Это был классический случай подружки на вечер. Пол ведь почти не знал ее, хоть и сказал, что будет рядом, если понадобится. Ну что ж, теперь он был ей нужен. Но она не сомневалась в том, что Пол не женится на ней только потому, что она случайно забеременела.
— А что ты собираешься сказать своим родителям, Мэрибет? — раздался отрезвляющий голос врача, и, только подумав о том, что произойдет, когда об этом узнает отец, она зажмурилась от ужаса.
— Я еще не знаю.
— Хочешь, я буду присутствовать при твоем разговоре с ними? Может быть, тебе это поможет?
Это было великодушное предложение, но она представить себе не могла, что вместо нее ужасную новость родителям сообщит врач.
Мэрибет понимала, что рано или поздно ей придется это сделать самой.
— А что, если… избавиться от этого? — набравшись смелости, спросила она.
Она толком не знала, как это делается, но слышала, что некоторые женщины «избавляются» от детей. Однажды ее мать при ней обсуждала это со своей сестрой, шепотом произнося слово «аборт». Мама говорила, что иногда женщины от этого умирают, но Мэрибет предпочла бы умереть, нежели предстать перед своим разгневанным отцом.
Доктор, впрочем, немедленно развеял ее надежды:
— Это дорого, опасно и запрещено законом. И я не желаю больше слышать об этом из ваших уст, юная особа. В твоем возрасте самым разумным будет родить и отдать ребенка на усыновление. В подобных случаях так поступает большинство твоих ровесниц. Ребенок должен родиться в декабре. Когда беременность станет заметной, ты можешь отправиться в монастырь Сестер Милосердия и оставаться там до появления ребенка на свет.
— То есть до того, как я его отдам?
Доктор сказал «появление», но Мэрибет каким-то особым образом почувствовала, что весь процесс не укладывается в это простое слово и врач многого не договаривает.
— Да, — с сочувствием вздохнул он.
Эта девочка была такой молоденькой, такой наивной. Но у нее было тело взрослой женщины, из-за чего она и попала в такую переделку.
— Ты еще некоторое время можешь жить спокойно. Живот станет заметен только в июле, или августе, или даже позже. Но ты все равно должна во всем признаться родителям.
Поначалу они, конечно, пошумят, но потом примирятся с твоим положением.
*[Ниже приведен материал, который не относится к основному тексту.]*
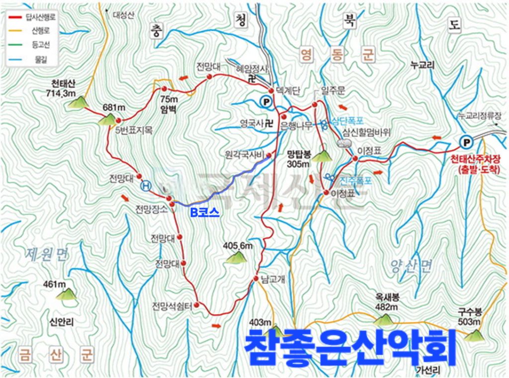 주차장-삼단폭포-영국사-75m대슬랩(우회로이동가능)-천태산(714.3m)-헬기장-B코스갈림길-원각국사비-영국사-망탑봉(상어흔들바위)-진주폭포-주차장
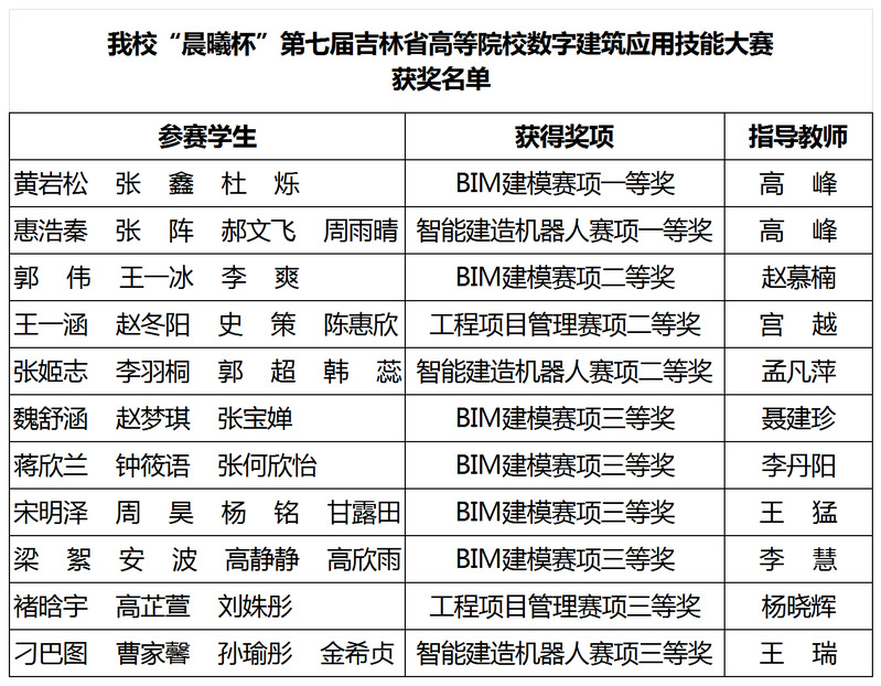 11月15日,“晨曦杯”第七届吉林省高等院校数字建筑应用技能大赛在吉林建筑科技学院圆满落幕。我校工学院工程造价、工程管理专业共派出42名学生组成12支队伍参赛,最终荣获一等奖2项、二等奖3项、三等奖6项,累计斩获11项省级奖项,以92%的获奖率在全省高校中表现突出,充分展现了学校“以赛促学、以赛促教”的育人成效及OBE教学改革成果。
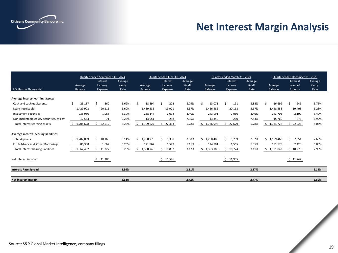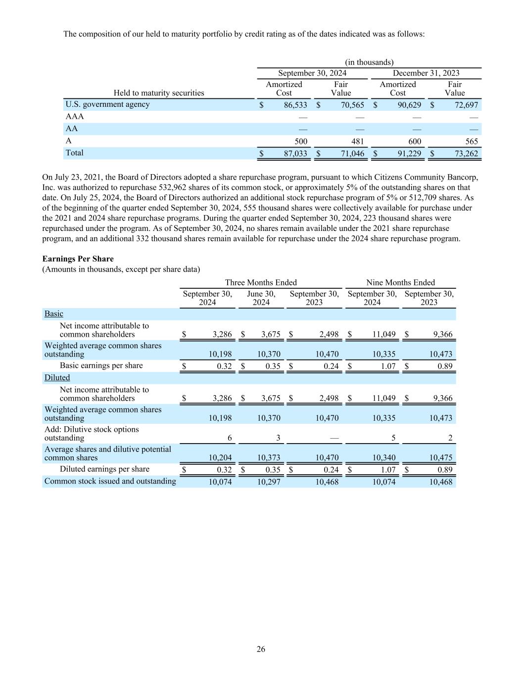 The composition of our held to maturity portfolio by credit rating as of the dates indicated was as follows: (in thousands) September 30, 2024 December 31, 2023 Held to maturity securities Amortized Cost Fair Value Amortized Cost Fair Value U.S. government agency $ 86,533 $ 70,565 $ 90,629 $ 72,697 AAA — — — — AA — — — — A 500 481 600 565 Total $ 87,033 $ 71,046 $ 91,229 $ 73,262 On July 23, 2021, the Board of Directors adopted a share repurchase program, pursuant to which Citizens Community Bancorp, Inc. was authorized to repurchase 532,962 shares of its common stock, or approximately 5% of the outstanding shares on that date. On July 25, 2024, the Board of Directors authorized an additional stock repurchase program of 5% or 512,709 shares. As of the beginning of the quarter ended September 30, 2024, 555 thousand shares were collectively available for purchase under the 2021 and 2024 share repurchase programs. During the quarter ended September 30, 2024, 223 thousand shares were repurchased under the program. As of September 30, 2024, no shares remain available under the 2021 share repurchase program, and an additional 332 thousand shares remain available for repurchase under the 2024 share repurchase program. Earnings Per Share (Amounts in thousands, except per share data) Three Months Ended Nine Months Ended September 30, 2024 June 30, 2024 September 30, 2023 September 30, 2024 September 30, 2023 Basic Net income attributable to common shareholders $ 3,286 $ 3,675 $ 2,498 $ 11,049 $ 9,366 Weighted average common shares outstanding 10,198 10,370 10,470 10,335 10,473 Basic earnings per share $ 0.32 $ 0.35 $ 0.24 $ 1.07 $ 0.89 Diluted Net income attributable to common shareholders $ 3,286 $ 3,675 $ 2,498 $ 11,049 $ 9,366 Weighted average common shares outstanding 10,198 10,370 10,470 10,335 10,473 Add: Dilutive stock options outstanding 6 3 — 5 2 Average shares and dilutive potential common shares 10,204 10,373 10,470 10,340 10,475 Diluted earnings per share $ 0.32 $ 0.35 $ 0.24 $ 1.07 $ 0.89 Common stock issued and outstanding 10,074 10,297 10,468 10,074 10,468 26

Мэрибет машинально кивнула, понимая, что возражать бесполезно.
Что она могла сказать родителям? Что она переспала с едва знакомым парнем в его машине и что он на ней никогда не женится?
Она не могла представить себе ни свой разговор с родителями, ни его возможные последствия.
Одевшись, она вышла из кабинета гинеколога в совершенно подавленном состоянии.
Доктор обещал ничего не сообщать ее домашним, пока она сама этого не сделает, и она верила ему.
Днем Мэрибет отыскала Пола в школе. Через две недели он заканчивал учебу, и она знала, что их пути окончательно разойдутся. У нее не было особых надежд на помощь Пола, и она ни в чем не винила его. «Я виновата в той же степени, что и он», — повторяла себе Мэрибет; но она все равно не могла забыть того, что он ей сказал.
Они медленно побрели прочь от школы и уселись на ту же скамейку около спортзала, на которой встретились в тот роковой вечер.
— Черт! Этого быть не может, — тяжело вздохнул Пол, когда она рассказала о своих неприятностях. Он выглядел очень несчастным.
— Но это случилось. Прости меня. Пол.
Я даже не знаю, зачем я сказала тебе. Я просто подумала, что ты должен знать.
Он кивнул, и некоторое время они сидели молча.
— Через шесть недель у меня свадьба, — наконец произнес он. — Дебби убьет меня, если узнает. Я сказал ей, что все, что она о тебе слышала, — это вранье и пустые слухи.
— А что она обо мне слышала? — удивленно спросила Мэрибет, заинтригованная тем, что Дебби вообще знала о ее существовании.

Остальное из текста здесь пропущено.